What are your guilty (beauty) pleasures?

“I love to buy and try new beauty products. I’m into haircare, skincare, makeup (depending), perfumes (occasionally). I don’t like perfumes that have high alcohol content—it actually makes me gag. My new favourite is Le Labo Tubereuse 40. I’m not a fan of sweet scents, I’m more into essential oil scents, or natural fragrances. I also like Dr. Jart+ Ceramidin Oil Balm for the herbal-like scent.

“The last I remembered splurging on were Charlotte Tilbury’s eyeshadow palette and Magic Cream Moisturiser. I admit, I fell for the marketing but I am still using both. Also Pat McGrath’s foundation (it’s okay, not a repurchase for me) and Chanel’s hand cream because it made me feel so bougee.”

Do you have a favourite haircare product?

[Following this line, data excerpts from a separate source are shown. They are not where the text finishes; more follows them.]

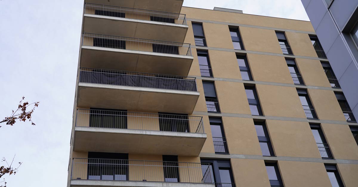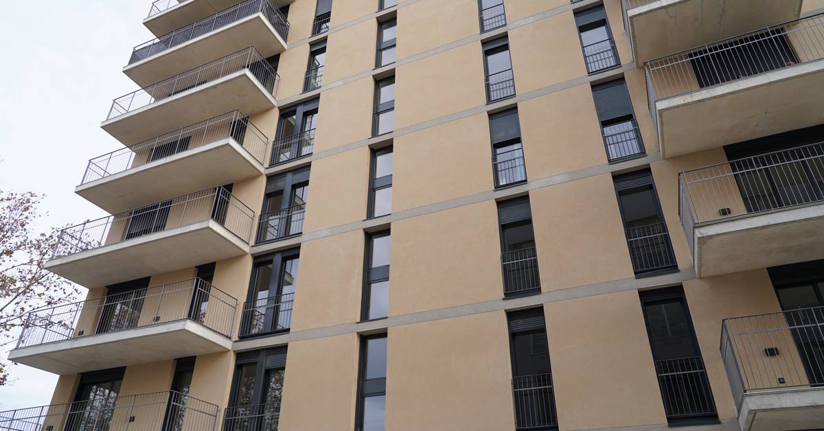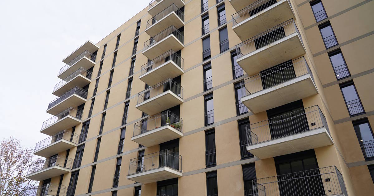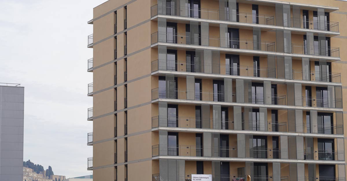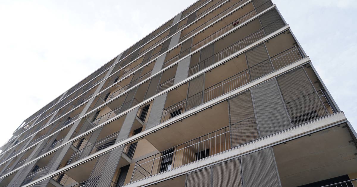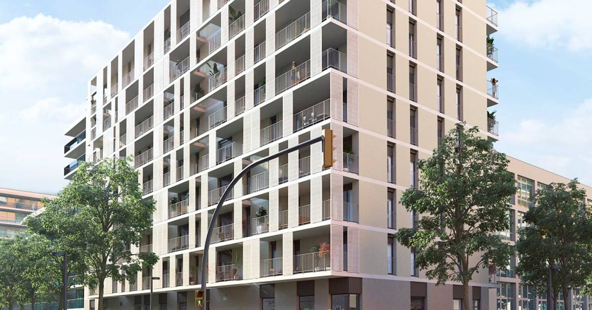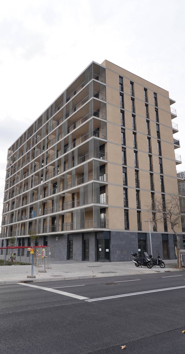Tancaments d’alumini i vidrieria per als edificis Berlín i Lisboa de la promoció d’habitatge Illa A del barri de la Marina del Prat Vermell, a Barcelona.
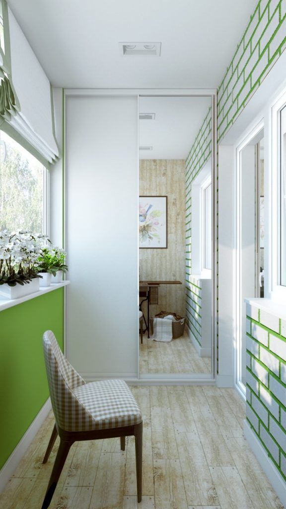 Surprinzator este balconul, care in mod normal ar fi fost integrat in camera pentru un plus de spatiu. Aici, designerul l-a lasat de sine statator, decorandu-l intr-un mod original. Accentele de verde incanta privirea. Ingenios, felul cum caramida originala a fost pastrata dar vopsita in alb, iar spatiile dintre ele vopsite cu verde. Atat pardoseala cat si unul din peretii laterali ai balconului au fost placati cu placi de parchet. Masina de cusut cu un aer vintage este piesa de rezistenta a amenajarii, aici fiind de fapt locul de pus in practica hobby-ul proprietarei. Nu lipsesc plantele pe pervaz. Avem chiar si un dulap cu usi glisante incastrat in perete pentru un plus de depozitare.
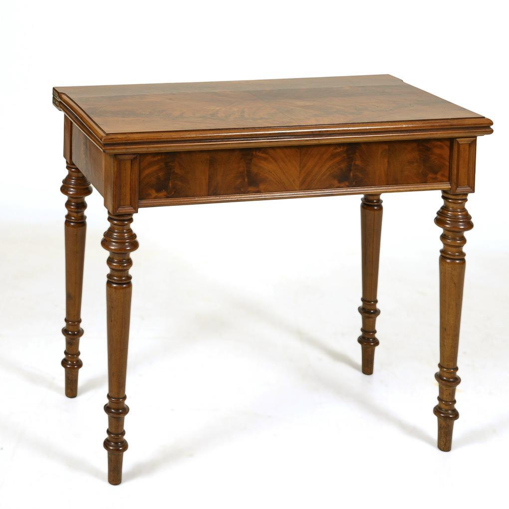 Klappbare, viertelfurnierte Deckplatte mit profilierter Kante und innen grünem Filzbelag, ausziebarer Zargenkasten, auf 4 konischen Drechselbeinen. Messingscharniere.
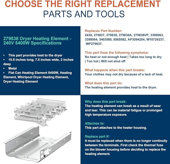 Amazon Com 279838 Dryer Heating Element For Whirlpool Roper Kenmore Dryer Heating Element Parts 3392519 3977393 Thermal Fuse 3387134 3977767 Dryer Thermostat 279838 Replaces 8565582 Ap309425 3398064 3403585 Health Personal Care
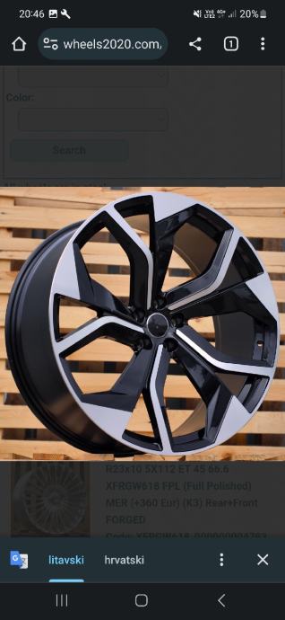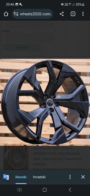 Cijena za 4komada sa PDV-om je 2000€ , moze kupnja i sa novim gumama. Za navedeni su gume 295 35 R23.

“Hands down, Aveda. They really know what they’re doing. I only buy Aveda Damage Remedy Daily Hair Repair. I have really thick hair so I can’t use products that are too rich, it’ll make my hair feel greasy and unwashed. Occasionally, I use hair oil to switch things up.”

Are you the same with makeup as you are with skincare?

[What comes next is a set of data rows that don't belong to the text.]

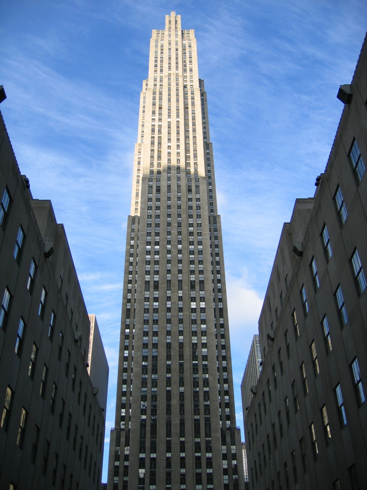 洛克菲勒中心是由19栋商业大楼组成的建筑群,着名的峭石之巅观景台位于70层,是仅次于帝国大厦的俯瞰曼哈顿全景的好去处。中心内部设有商场和餐厅,NBC广播电台也落户其中。供人们小憩的街心花园也会定期举办展览。洛克菲勒中心还是《鹰眼》大结局中的决战之地。
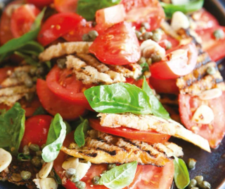 Heat the oil in a frypan and gently fry the garlic, anchovies, capers and chilli flakes for about a minute to soften, taking care not to brown the garlic. Mix into the tomatoes along with the vinegar and pepper.
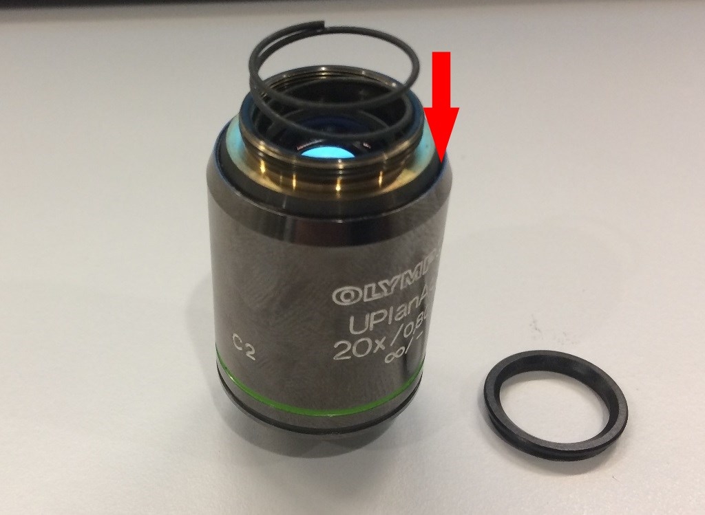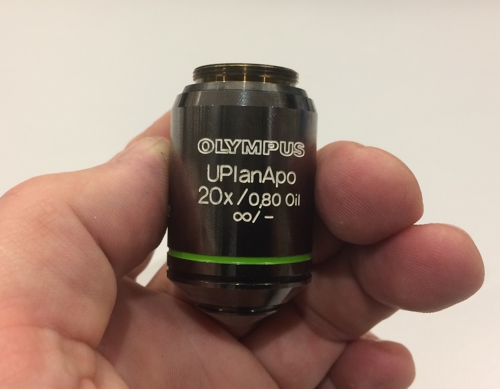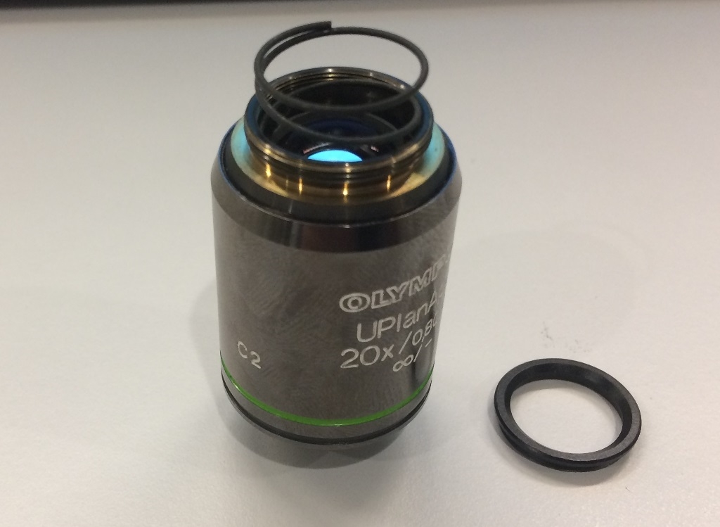 Got a hardly used 20x immersion objective at work which doesn't give a good image. Looking through it shows a bubble, I suppose that's air and the surrounding is filled with oil. So I called Olympus, asked them to repair it and they replied: sorry, no spare parts. That's bullshit of course, but the time investment and lack of proper repair facilities might make it uneconomical for them.  Anyway, I got myself something to play with.

“It depends! I do buy a lot of makeup to try as well, but I always go back to my favouties. I bought Kosas Tinted Face Oil Foundation from Mecca in Australia and I can’t wait to use it. I like the whole skincare-makeup hybrid trend. I don’t use a lot of foundation, only It Cosmetics’ CC+ Cream.

“My classics include Nars Concealer, Fenty Beauty Killawatt Highlighter that I also use as a blush, and MAC Cosmetics highlighter and liquid eyeliner. My eyebrows are still a work in progress because I’m always changing my hair colour. I recently did eyebrow embroidery and I like how convenient it is.

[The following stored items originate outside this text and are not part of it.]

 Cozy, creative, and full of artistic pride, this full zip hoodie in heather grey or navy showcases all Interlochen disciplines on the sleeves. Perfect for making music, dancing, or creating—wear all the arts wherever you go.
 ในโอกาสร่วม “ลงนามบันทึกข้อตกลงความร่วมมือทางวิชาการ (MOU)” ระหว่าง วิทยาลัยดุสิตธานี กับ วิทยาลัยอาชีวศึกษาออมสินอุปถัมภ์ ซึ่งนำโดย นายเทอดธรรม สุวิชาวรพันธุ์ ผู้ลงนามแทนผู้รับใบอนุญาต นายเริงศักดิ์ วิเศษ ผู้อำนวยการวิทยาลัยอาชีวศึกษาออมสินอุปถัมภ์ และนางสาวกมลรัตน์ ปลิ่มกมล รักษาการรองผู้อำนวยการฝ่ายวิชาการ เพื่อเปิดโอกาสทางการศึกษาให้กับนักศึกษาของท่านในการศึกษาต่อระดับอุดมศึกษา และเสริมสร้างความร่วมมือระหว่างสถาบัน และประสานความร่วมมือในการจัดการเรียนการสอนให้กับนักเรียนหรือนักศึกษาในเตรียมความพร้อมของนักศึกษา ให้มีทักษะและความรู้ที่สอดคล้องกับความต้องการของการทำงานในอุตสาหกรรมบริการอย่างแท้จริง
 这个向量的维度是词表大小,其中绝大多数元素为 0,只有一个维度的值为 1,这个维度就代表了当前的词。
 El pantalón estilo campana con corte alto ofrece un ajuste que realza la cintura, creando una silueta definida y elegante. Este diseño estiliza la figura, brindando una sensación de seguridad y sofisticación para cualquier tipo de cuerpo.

“I’ve stopped getting lash extensions—I’m kind of over the ‘extra’ look so I just use mascara for a more natural look. My favourite mascara is a drugstore brand because I like the bristle. I’m not good with eyeshadows—I’ve watched 10,000 makeup tutorials and I still don’t know how to fill in and blend my crease (do I even have a crease?). Sometimes I use one shade allover my eyelid.

“Lipsticks wise, I only ever wear two colours (even though I buy a tonne of them to try sometimes). I love Fenty Beauty’s Mattemoiselle Lipsticks and MAC Cosmetics Mocha Lipstick. I tend to avoid lipsticks that have a very strong scent.”